Молодой человек покачал головой.
— Нет,— сказал он.— Я не могу в это поверить.
— Я сомневаюсь в том, что львы или человек находятся здесь специально для того, чтобы повредить нам,— сказал Тарзан,— потому что ничто не мешало им сделать это давно, как только они этого захотели бы. У меня есть предположение, но оно крайне абсурдно.
— Какое же? — поинтересовалась девушка.
— Я думаю, что люди и звери здесь для того,— ответил Тарзан,— чтобы помешать нам идти туда, куда они не хотели бы, чтобы мы попали. Иными словами — мы под наблюдением и, возможно, пока мы не пойдем туда, куда им не хочется нас допустить, они не станут нас беспокоить.
— Но как мы узнаем, куда нам не следует соваться? — спросил Смит Олдуик.
— Этого мы знать не можем, можем только догадываться,— ответил Тарзан.— А дело обстоит так: место, которое мы ищем, и есть то самое, к которому таинственные люди не хотят нас подпустить.
— Вы имеете в виду воду? — поинтересовалась девушка.
— Да,— ответил Тарзан.
Некоторое время они сидели молча, изредка тишина за стенами пещеры нарушалась осторожными звуками движения. Так прошел, наверное, час. Человек-обезьяна тихо поднялся и извлек свой нож из ножен. Смит Олдуик дремал, облокотившись о каменную стену у входа в пещеру, девушка, изнуренная возбуждением и усталостью прошедшего дня, впала, наконец, в забытье сна. Мгновением позже Тарзан поднялся на ноги. Смит Олдуик и Берта Кирчер подскочили от неожиданно раздавшегося снаружи грозного громоподобного рева и от шума топочущих ног, бегущих к ним.
Тарзан-обезьяна стоял прямо перед входом в пещеру с ножом в руке в ожидании нападения. Он не был подготовлен к таким согласованным действиям противника; как теперь понял, атака была предпринята после долгого наблюдения за ними.

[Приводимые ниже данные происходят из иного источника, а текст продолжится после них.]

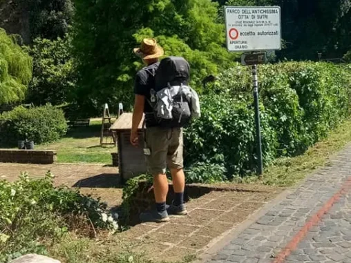 Posilnění a pokochaní jsme se vydali na výpadovku směr Vetralla. Chtěli jsme si někoho stopnout, protože cesta po silnici byla 10 km a nás by po svých čekalo 20 km. Zároveň jsme měli plán, cítili jsme, že s takovouhle do Říma prostě po svých ještě nedojdeme, že si to zkrátit chceme. Chvíli jsme tam stáli u vjezdu na benzinu, Michal dokonce napsal fixou na velký papír název městečka (to vše si nesl z domova), ale jako bychom byli neviditelní. Jeden okolojdoucí pán nám pak řekl, že za 2 minuty jede autobus, i ten nezastavil. No stáli jsme asi 10 m od zastávky. Nakonec asi pět minut na to jel další autobus, který nám zastavil a počkal, až k němu dojdeme. Zjistili jsme, že nemusíme do Vetralla, což by byl ušetřený jen 1 úsek a čekalo by nás ještě 1 další popojetí, ale že můžeme až do Sutri a tím ušetříme úseky dva (asi 50 km). Takže jsme se prodrali mezi studenty dozadu autobusu, ještě jedna paní za náma běžela a vzala si od nás lístky a štípla nám je vpředu a přinesla – to nás fakt nenapadlo, že si koupený lístek od řidiče musíme ještě štípnout 🤷🏻♀️ A frčeli jsme.

Тарзан почуял раньше, что некоторое время тому назад много других людей присоединились к тем, кто был со львами возле пещеры. Поэтому он и насторожился, поднявшись на ноги. Тарзан сделал это потому, что знал — львы и люди осторожно подкрадывались к нему и его товарищам. Он мог бы легко избежать этой нежелательной ночной встречи, так как по изрезанной трещинами поверхности скалы, возвышающейся над входом в пещеру, такому хорошему альпинисту, как человек-обезьяна, ничего не стоило взобраться наверх без труда. С точки зрения общепринятых человеческих норм было бы умнее попытаться вовремя скрыться, ибо Тарзан знал, что в таких неблагоприятных условиях даже он беспомощен, но он остался стоять на месте, и я сомневаюсь, мог ли он сам сказать, почему так поступил...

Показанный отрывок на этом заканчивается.